Advanced Customization
- More layout and component control than Streamlit
- Can integrate with web concepts when needed (styling and custom behavior)
Development Experience
- Good local dev workflow and straightforward self-hosting
- Works well in containers when you need repeatable deployment
Flexibility
- Natural fit for event-driven apps
- Can integrate with existing Python services and libraries
Streamlit Advantages
Data Apps First
- Excellent defaults for pandas DataFrames, charts, and common analytics workflows
- Great for ML demos and internal dashboards
Ultra-Simple Development Model
- Very low “web framework” overhead: write Python top-to-bottom
- Easy to iterate quickly and share prototypes with teammates
Deployment Options
- Streamlit Community Cloud is convenient for quick publishing
- Also deployable to your own infrastructure (VPS, containers, etc.)
Data-Focused Widgets
- Strong widget set for filters, inputs, and interactive exploration
- Built-in caching and session state patterns help keep apps responsive
Strong Ecosystem
- Large community, lots of examples and integrations
Making Your Choice: Decision Guide
Choose Streamlit if:
- ✅ You’re building data dashboards or ML demos
- ✅ You want rapid prototyping with minimal code
- ✅ You’re new to web development
- ✅ You need built-in data visualization
- ✅ You want easy deployment and sharing
Choose NiceGUI if:
- ✅ You need real-time interactions without page reloads
- ✅ You’re building general-purpose web apps
- ✅ You want desktop-like UI in the browser
- ✅ You need advanced backend features
- ✅ You want full customization control
Quick Start Resources
Streamlit:
NiceGUI:
Final Verdict
Both frameworks excel in their domains.
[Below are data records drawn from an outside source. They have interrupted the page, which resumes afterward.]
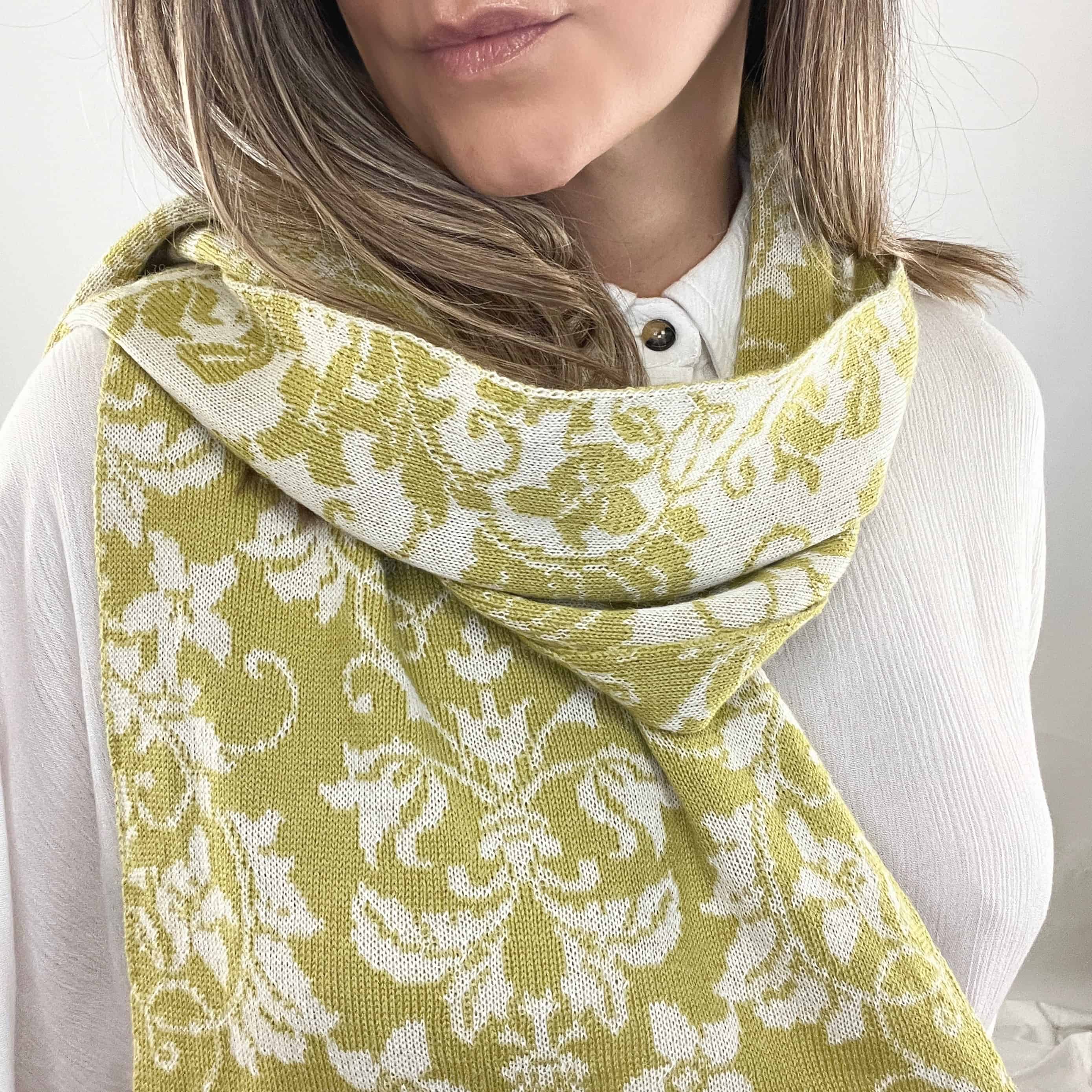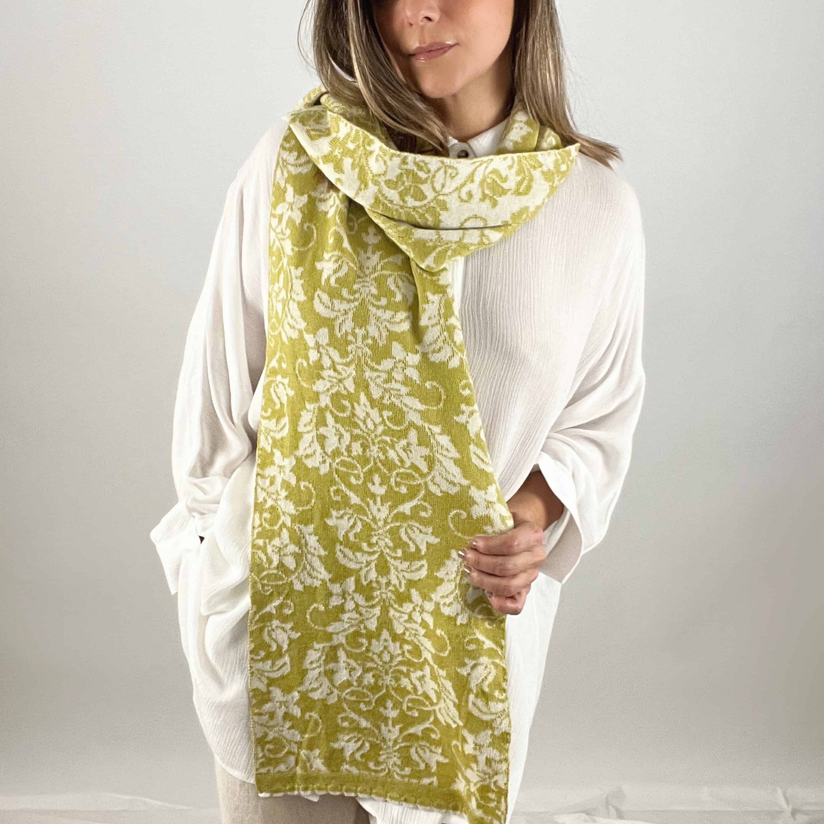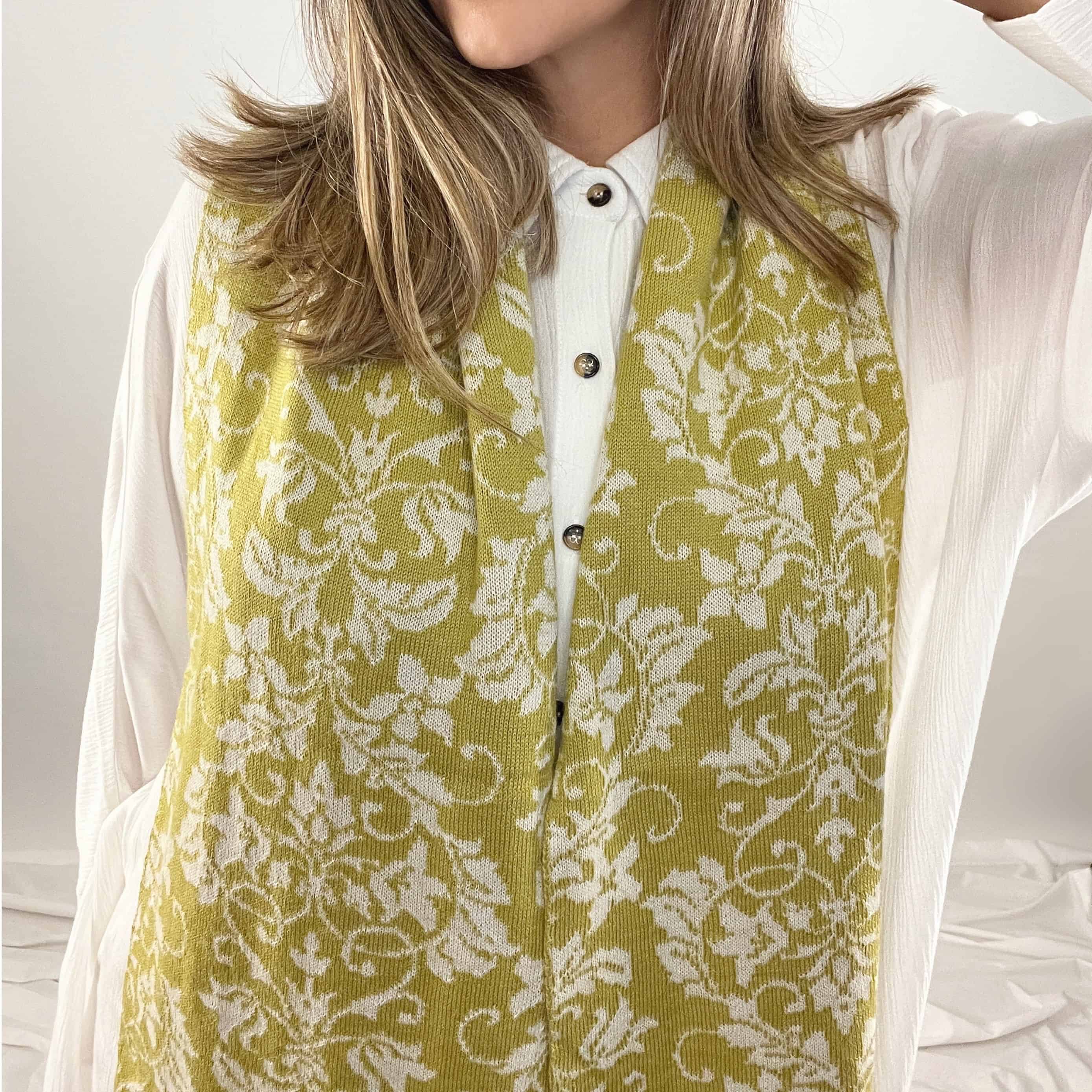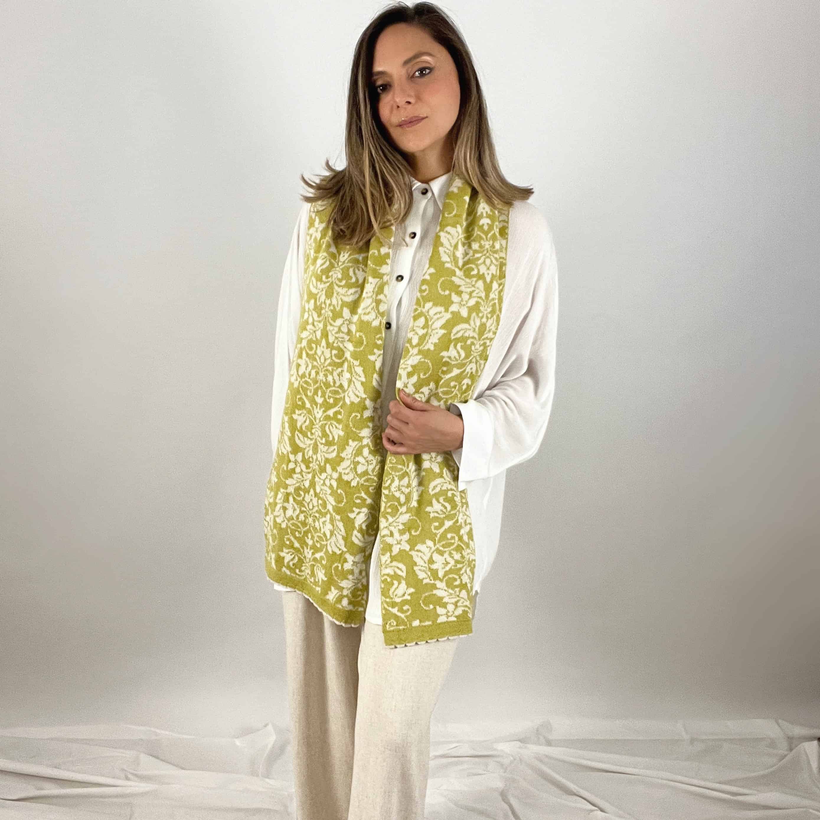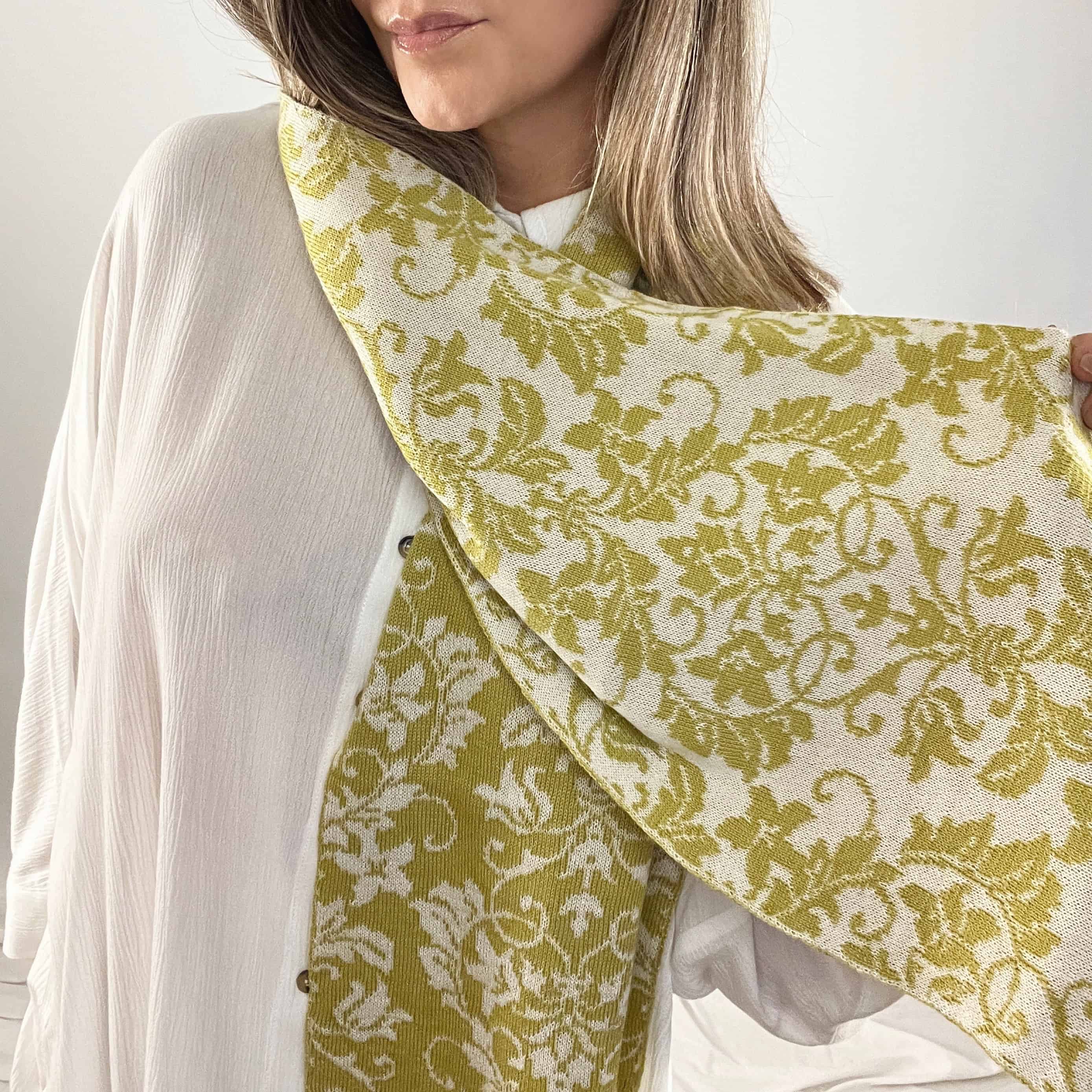 Chalina de baby alpaca, con motivos de flores. Súper suave y abrigadora.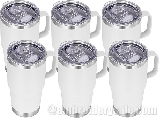 VEGOND 20 oz Tumbler Bulk with Handle Lid and Straw, Stainless Steel Insulated Travel Coffee Mug Set, Spill Proof Double Wall Metal Tumblers Cups, White 6 Pack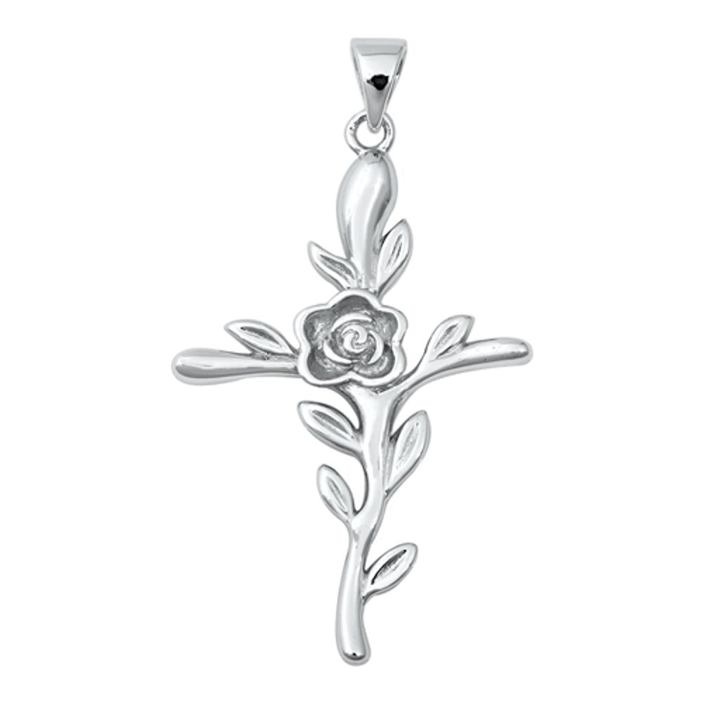 Sterling Silver Rose Vine Cross Pendant Leaf Branch Elegant Flower Charm 925 New

Streamlit dominates data science applications with its simplicity and built-in data tools. NiceGUI shines for interactive web applications that need desktop-like functionality.
The best choice depends on your project requirements, not on which framework is “better” overall. Start with the one that matches your immediate needs - you can always explore the other later as your projects evolve.